Farmers face an accelerated level of change with the loss of land-based subsidies. But agricultural businesses can become more adaptable, using new technology and a wider range of skills.
That’s according to speakers at the Central Association of Agricultural Valuers’ (CAAV) annual conference in Oxford. Outgoing president, Simon Alden, reminded delegates of secretary and adviser Jeremy Moody’s prediction, a year ago, of what lay ahead. This was: ‘A generation’s change in a decade, fuelled by world events including exit from the EU, the Environment Act, the Agriculture Act, the tragic events that have unfolded in the Ukraine and challenge presented by climate change.’
“Now, 12 months on, these factors are well and truly playing out in our industry, economy and the world economy, in a period of accelerated change,” said Mr Alden. “As an industry and profession, we are all on a steep learning curve to meet these challenges and changes. In doing this, both agricultural and rural businesses can become more adaptable and seek out greater efficiencies and new markets. With new technology and a wider range of skills, we can face this new period with excitement, as we identify new opportunities and returns.”
Defra Minister Mark Spencer MP said it was important to get new environmental land management schemes (ELMs) right. “They work alongside and support food production. Food is the primary purpose of farming and always will be. But sustainable food production in the long term is also dependent on healthy soils, water quality and abundant pollinators.
“There is something for everyone –different farms, sizes and locations. We are accelerating roll-out of the sustainable farming incentive (SFI) with 19 more actions. The schemes are straightforward to apply for with minimal paperwork. For example, a free vet visit under SFI takes eight minutes to apply for.”

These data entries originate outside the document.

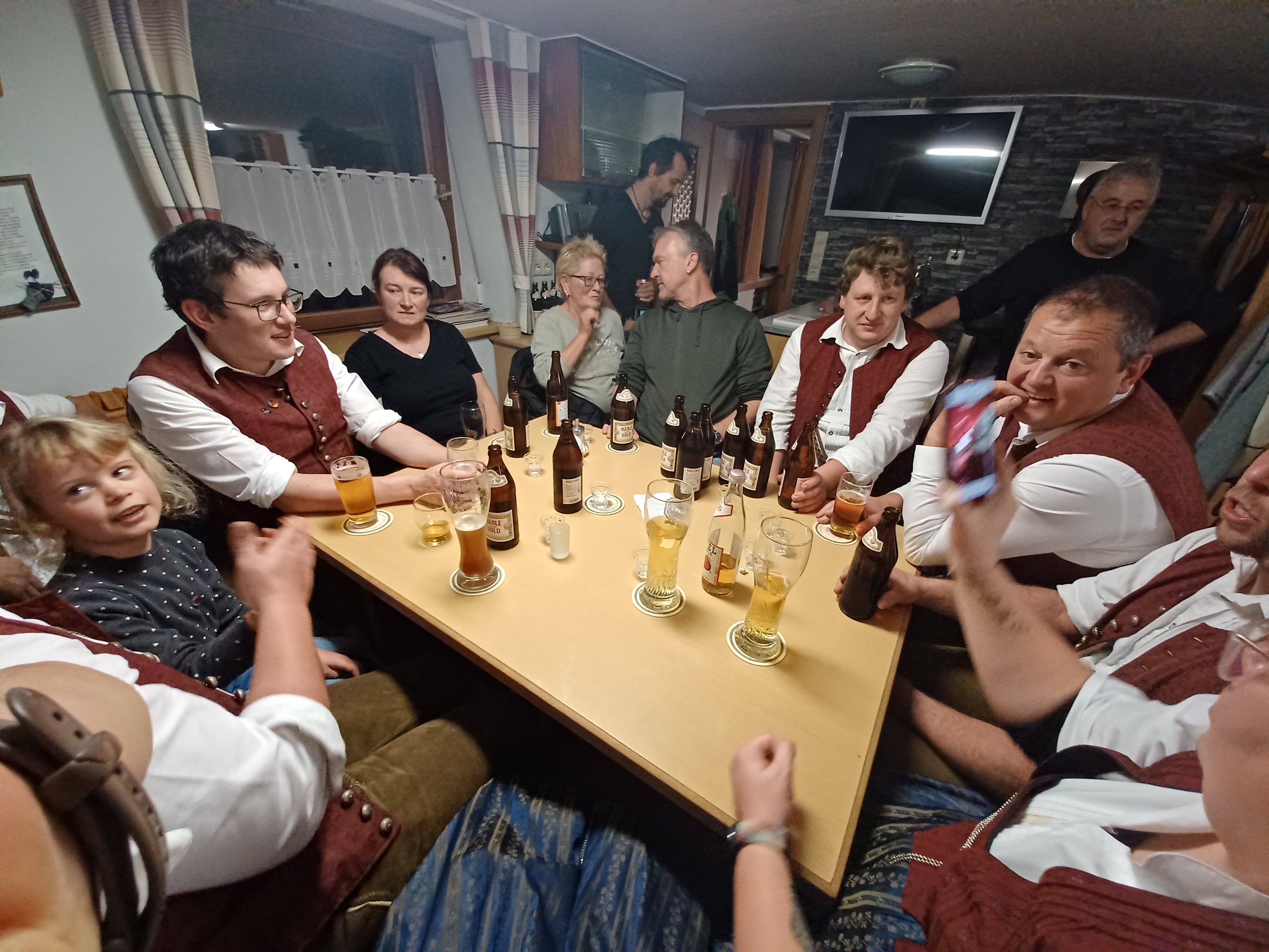 Doch vor wir zur Reiterprozession gingen, war noch eine Probe für das anstehende Konzert angesagt. Von 9 bis 12 Uhr probten wir im Proberaum und ließen uns anschließend eine leckere Pizza schmecken. Dann fuhren wir, unter Zeitdruck, nach Merazhofen, wo um 13 Uhr die Prozession nach Liezenhofen losging. Gemeinsam mit ca. 80 Reitern, dem Musikverein Merazhofen und Dekan Kurt Susak marschierten wir nach Liezenhofen. Dort gestalteten wir, abwechselnd mit den Merazhofern, den Gottesdienst. Im Anschluss trafen sich einige von uns im Gasthaus „Bad“.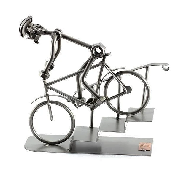 Elke ambachtsman vervaardigt deze beeldjes nauwkeurig met de hand, waarbij zij hoogwaardige materialen zoals schroeven, moeren en koper gebruiken. Dit zorgt ervoor dat elk beeldje uniek is, met de hoogste kwaliteitsnormen. Het beeldje weerspiegelt vakmanschap op het hoogste niveau, wat het tot een waardevol en bijzonder kunstwerk maakt. Het proces om elk beeldje te maken is intensief en complex, wat het een waar kunstwerk maakt voor zowel mountainbikeliefhebbers als kunstliefhebbers.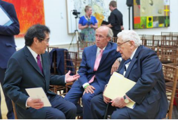 他和基辛格谈笑风生。基辛格九十寿辰时,他受罗斯柴尔德爵士之邀在典礼上发表主题演讲,首次提出“精神人文主义”思想。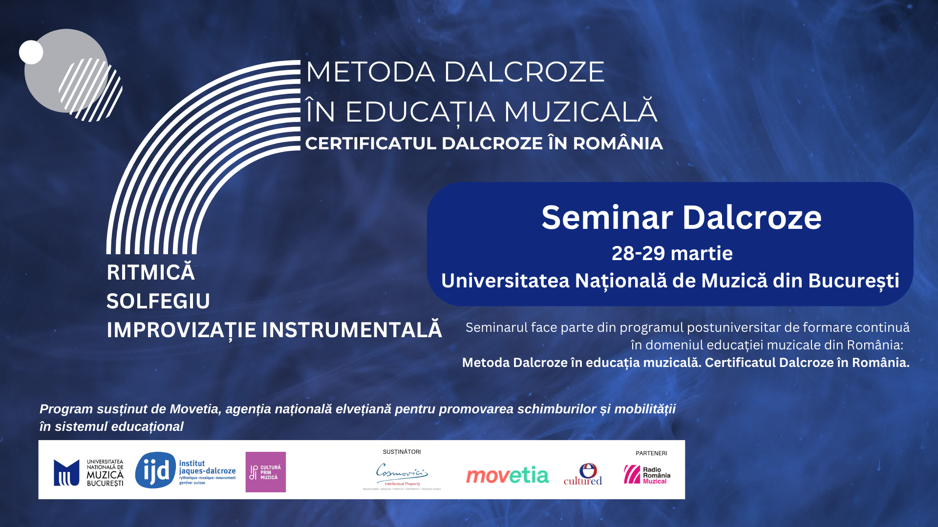 Un nou Seminar Dalcroze se va desfășura în weekendul 28–29 martie 2026, la Universitatea Națională de Muzică din București.

However, NFU president Minette Batters was sceptical. “I think we’ll see a lot more bureaucracy than under the Common Agricultural Policy,” she said. “Also, we have a massive job to level up on food production with the environment. We have the Environment Act, Environment Improvement Plan, have lost cross compliance and have the law of the land. This is a big game changer. Is the budget enough, is ELMs enough to deliver on the requirements of the Environment Improvement Plan? And what will be the impact of ELMs on food security? It won’t benefit it – we’re growing crops for the environment.”
Alternatives to schemes, like carbon trading, also had their downsides, warned Mr Moody. “Farming overestimates its role for others but underestimates what it will need to do. There is little value in offsetting – the farm level quantum is too small and value too low. Supply chains will expect farmers to move towards net zero, so why should they give away the easy gains? There could also be unforeseen risks, like woodland which has been sold for carbon credits being eaten by beavers or destroyed by storms,” he added.
When selling carbon assets, farmers should look at the facts of the deal, said Mr Moody. This includes what is being sold and at what price, how fettered the landowner is, and what the terms are. Landowners should also consider the tax consequences and associated costs. “Is it worth it?”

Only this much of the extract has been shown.